• **Input for this task**
▽
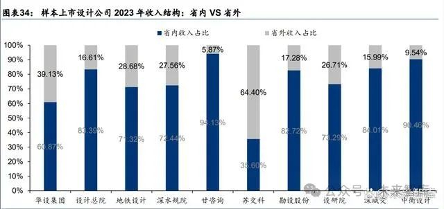 短期地域特征仍然较强,加快建设全国统一大市场背景下有望逐渐打破区域壁垒。目前, 设计咨询行业的管理仍呈现出多头管理的局面,由国家发改委管理工程咨询,由住建部归 口管理全国勘察设计,由商务部管理涉外工程设计和工程承包,由国资委和多个专业部门 (如水利部、交通部等)及各省、市、自治区分别对各自所属的工程勘察设计咨询单位实 现归口管理,一定程度导致地域割裂,区域壁垒仍在一定程度上影响行业集中度提升,2023 年 10 家设计企业中仅苏交科的江苏省内业务收入占比低于 60%且低于省外业务,近三年行 业内各家公司省内业务收入占比大多处于提升状态。我们前文统计也显示,短期低空经济 发展仍然呈现出各地“千帆竞发”的态势,考虑规划设计行业仍然存在较强的地域特征, 因此当地规划设计龙头有望占得先机。
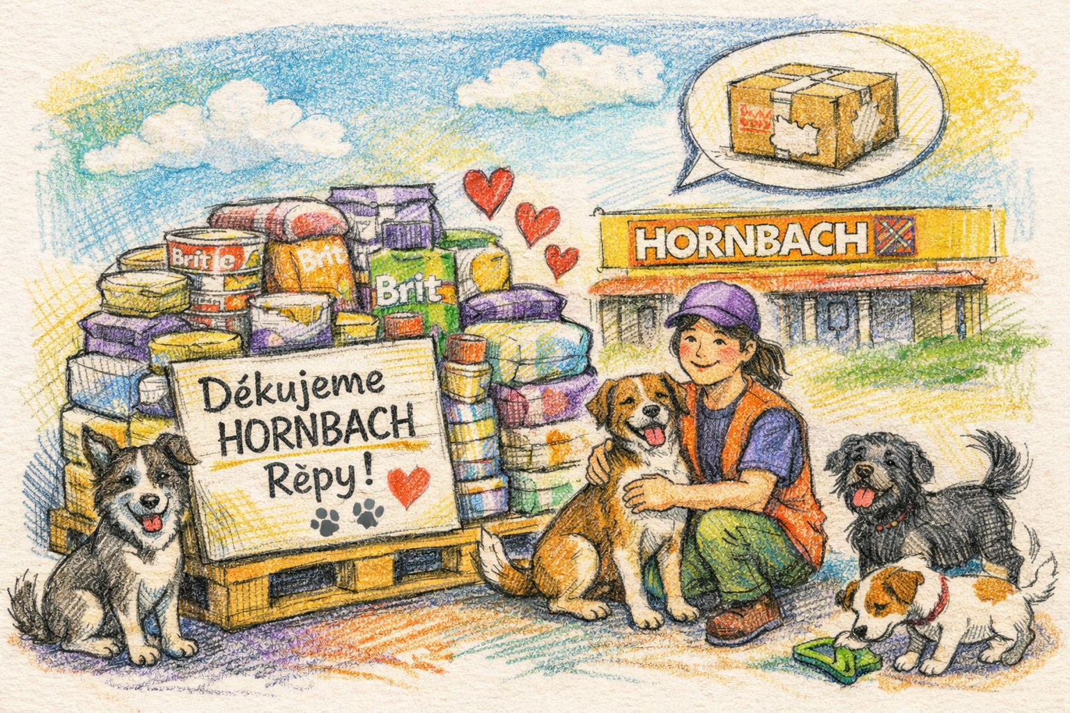 Rádi touto cestou poděkovali obchodnímu středisku HORNBACH Řepy, které dnes poskytlo útulku Lazec významný dar – paleta krmiva Brit a další sortiment pro určený náš pejsky.
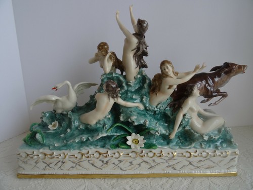 Extremely Rare Porcelain Dresden Figurine Nude Water Nymphs Frolicking - Germany
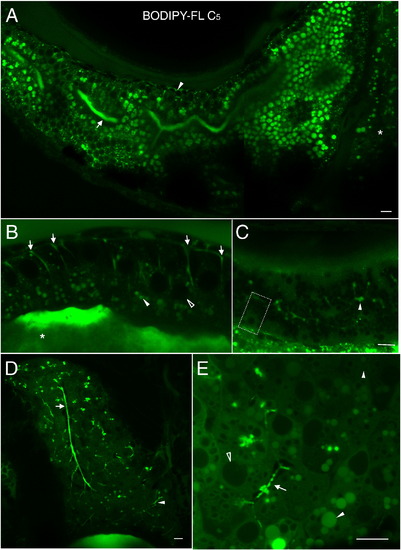 BODIPY-FL C5 reveals significant subcellular details within larval digestive organs (6dpf). A. In enterocytes of the anterior intestine BODIPY-FL C5 appears in structures reminiscent of lipid droplets. Lumenal accumulation of BODIPY-FL C5 in the intestine (arrow) is consistent with the expedited metabolism, transport and biliary concentration of medium chain fatty acids. The analog also appears in a dorsal intestinal blood vessel (arrowhead) and in the liver (asterisk). B. Subcellular enterocyte morphology is visualized following a BODIPY-FL C5 feed. Lipid droplets (filled arrowhead), a nucleus (empty arrowhead), apparent pericellular accumulation of the analog (arrows) and the intestinal lumen (asterisk) are indicated. C. BODIPY-FL C5 visualizes subcellular details of acinar cells and pancreatic ducts in the larval exocrine pancreas. A single acinar cell (dashed box) containing a basal nucleus and apical zymogen granules, as well as pancreatic ducts (arrowhead) is indicated. D. BODIPY-FL C5 feeding illuminates the intrahepatobiliary ductal network. In the right liver lobe, a single long duct (arrow), numerous interconnecting ducts and terminal ductules (arrowhead) are illuminated (see also Supplementary Movie-1). E. Subcellular details of larval hepatocytes are revealed by BODIPY-FL C5 feeding. Lipid droplets (filled arrowhead), hepatocyte nuclei (empty arrowhead), and intrahepatic ducts (arrow) are indicated. A. is a composite of 2 separate confocal images. Scale bars = 10μm. (n = 3; 6 larvae per feed.) BODIPY-FL C5 reveals significant subcellular details within larval digestive organs (6dpf). A. In enterocytes of the anterior intestine BODIPY-FL C5 appears in structures reminiscent of lipid droplets as well as in small endosomal-like compartments. Lumenal accumulation of BODIPY-FL C5 in the intestine (arrow) is consistent with the expedited metabolism, transport and biliary concentration of medium chain fatty acids. The analog also appears in a dorsal intestinal blood vessel (arrowhead) and in the liver (asterisk). B. Subcellular enterocyte morphology is visualized following a BODIPY-FL C5 feed. Lipid droplets (filled arrowhead), a nucleus (empty arrowhead), apparent pericellular accumulation of the analog (arrows) and the intestinal lumen (asterisk) are indicated. C. BODIPY-FL C5 visualizes subcellular details of acinar cells and pancreatic ducts in the larval exocrine pancreas. A single acinar cell (dashed box) containing a basal nucleus and apical zymogen granules, as well as pancreatic ducts (arrowhead) indicated. D. BODIPY-FL C5 feeding illuminates the intrahepatobiliary ductal network. In the right liver lobe, a single long duct (arrow), numerous interconnecting ducts and terminal ductules (arrowhead) are illuminated (see also Supplementary Movie-1). E. Subcellular details of larval hepatocytes are revealed by BODIPY-FL C5 feeding. Lipid droplets (filled arrowhead), hepatocyte nuclei (empty arrowhead), and intrahepatic ducts (arrow) are indicated. A. is a composite of 2 separate confocal images. Scale bars = 10μm. (n = 3; 6 larvae per feed.) |
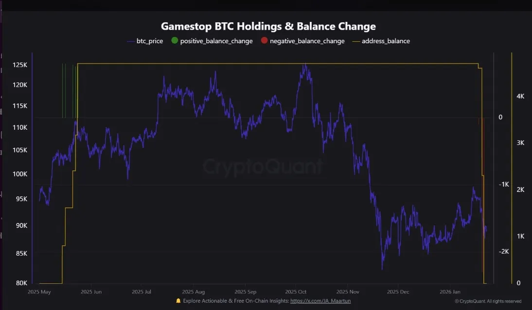 An address believed to belong to U.S. video game retailer GameStop has deposited its entire holding of 4,710 BTC into Coinbase Prime, CryptoQuant reported. The analytics firm suggested the deposit was likely made with the intent to sell. CryptoQuant noted that GameStop originally purchased the 4,710 BTC at an average price of $107,900, meaning a sale would result in an estimated loss of approximately $76 million.
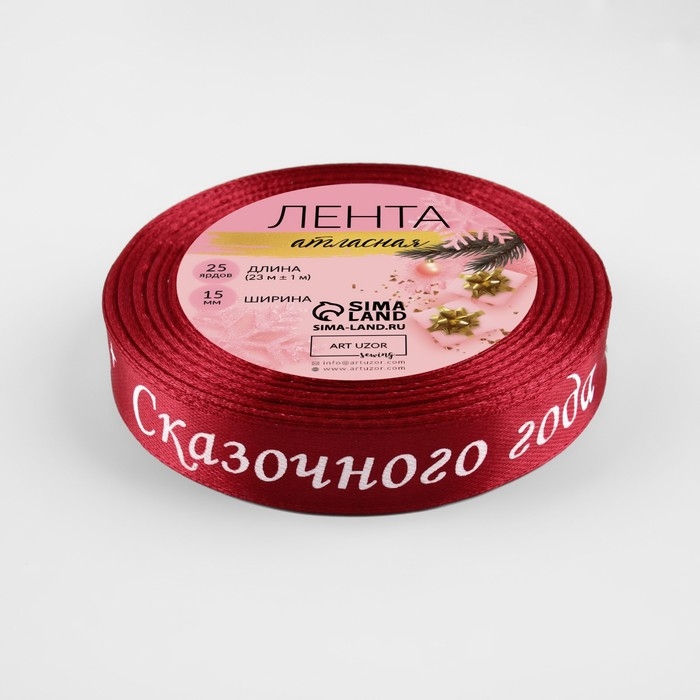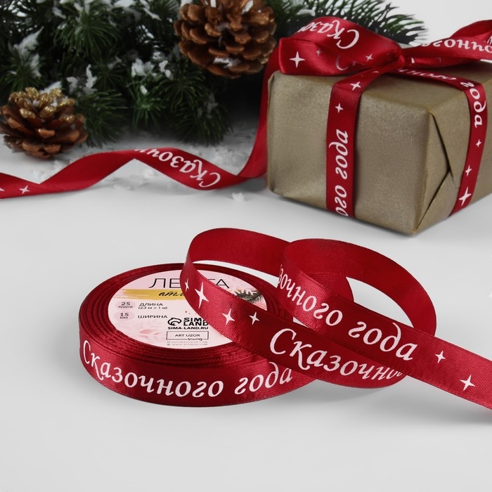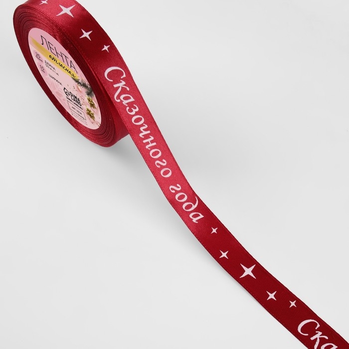 Новый год! Лента атласная «Сказочного года», 15 мм, 23 ± 1 м, цвет красный №033
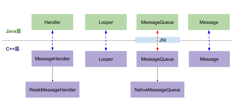 图片来自 MIUI 系统工程师 Gityuan 的 Android消息机制2-Handler(Native层)。
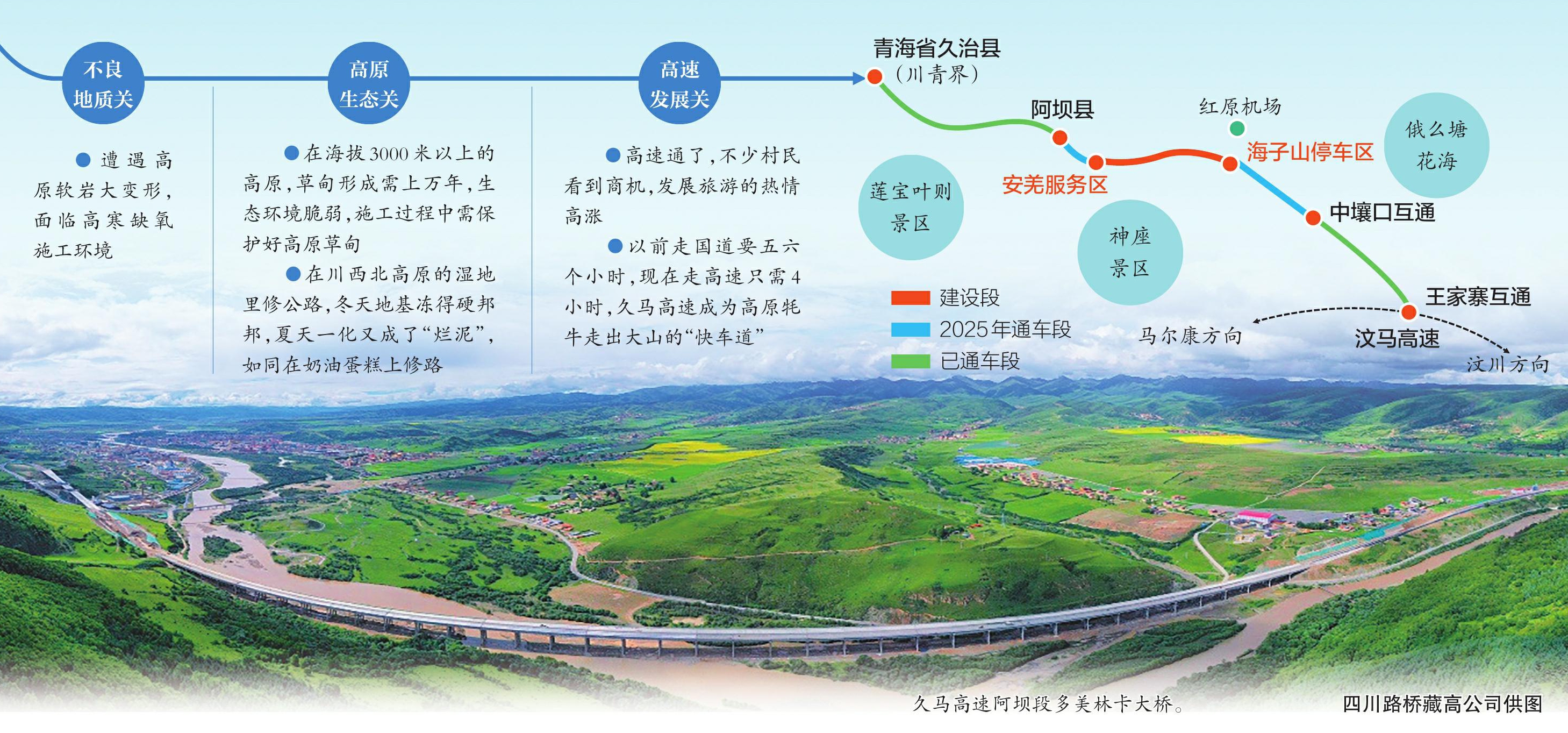 2025年12月29日24时,青海久治至四川马尔康高速公路(简称久马高速)再通87.5公里,结束阿坝州红原县不通高速的历史,从成都驾车前往红原大草原的时间缩短至4小时。
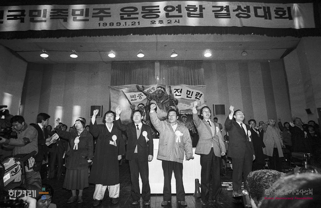 - 1989년 1월 21일 오후2시 재야 민족민주운동세력의 전국통합조직인 전국민족민주운동연합(전민련)이 서울 연세대 대강당에서 결성대회를 갖고 정식출범하고 있다. 서울민족민주운동협의회 등 지역통합단체 12개와 전국노동운동단체협의회 등 부문통합단체 8개등 모두 20갸의 참가단체로 출범한 전민련은 2백여개의 개별운동단체를 포괄하고 있어 건국이후 최대규모의 재야통합단체로 평가되고 있다.
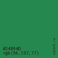 Цвет #24894D в цветовой модели RGB обозначается тремя октетами (36, 137, 77) в десятичном формате и #24894D в шестнадцатиричном (hex) формате, которые являются интенсивностью красного 36 (hex 24), интенсивность зелёного 137 (hex 89) и интенсивность синего 77 (hex 4D).
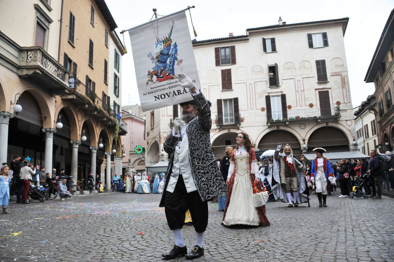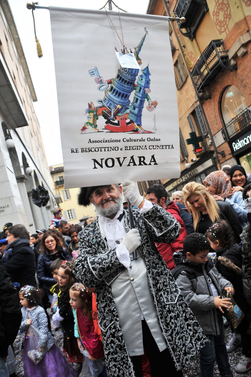 Da corso Cavour la sfilata è poi continuata verso l’Angolo delle Ore per concludersi al Broletto, letteralmente invaso, dove è avvenuta la tradizionale consegna delle chiavi della città da parte del sindaco Canelli a Re Biscottino e dove sono state presentate le numerose maschere intervenute da varie parti d’Italia. “Ciao Novara – ha detto il Re Biscottino – ringrazio il sindaco per avermi affidato la città e  tutti i presenti e in particolare i bambini”. Erano presenti alla festa anche il Doge di Venezia, i torinesi Gianduia e Giacometta, il Bicciolano di Vercelli, il gruppo del Granducato di Bergamo e ancora i gruppi folcloristici della Suca Band di Oleggio, le Majorettes di Valduggia, gli sbandieratori e musicisti di Asti, oltre a innumerevoli maschere e travestimenti di ogni genere.
△
• **About this task**
The answer must be the part of the records that opens with the line containing "Новый год! Лента" and closes with the line containing "- 1989년 1월 21일", reproduced exactly, with no pictures.

• **Output below**
 Новый год! Лента атласная «Сказочного года», 15 мм, 23 ± 1 м, цвет красный №033
 图片来自 MIUI 系统工程师 Gityuan 的 Android消息机制2-Handler(Native层)。
 2025年12月29日24时,青海久治至四川马尔康高速公路(简称久马高速)再通87.5公里,结束阿坝州红原县不通高速的历史,从成都驾车前往红原大草原的时间缩短至4小时。
 - 1989년 1월 21일 오후2시 재야 민족민주운동세력의 전국통합조직인 전국민족민주운동연합(전민련)이 서울 연세대 대강당에서 결성대회를 갖고 정식출범하고 있다. 서울민족민주운동협의회 등 지역통합단체 12개와 전국노동운동단체협의회 등 부문통합단체 8개등 모두 20갸의 참가단체로 출범한 전민련은 2백여개의 개별운동단체를 포괄하고 있어 건국이후 최대규모의 재야통합단체로 평가되고 있다.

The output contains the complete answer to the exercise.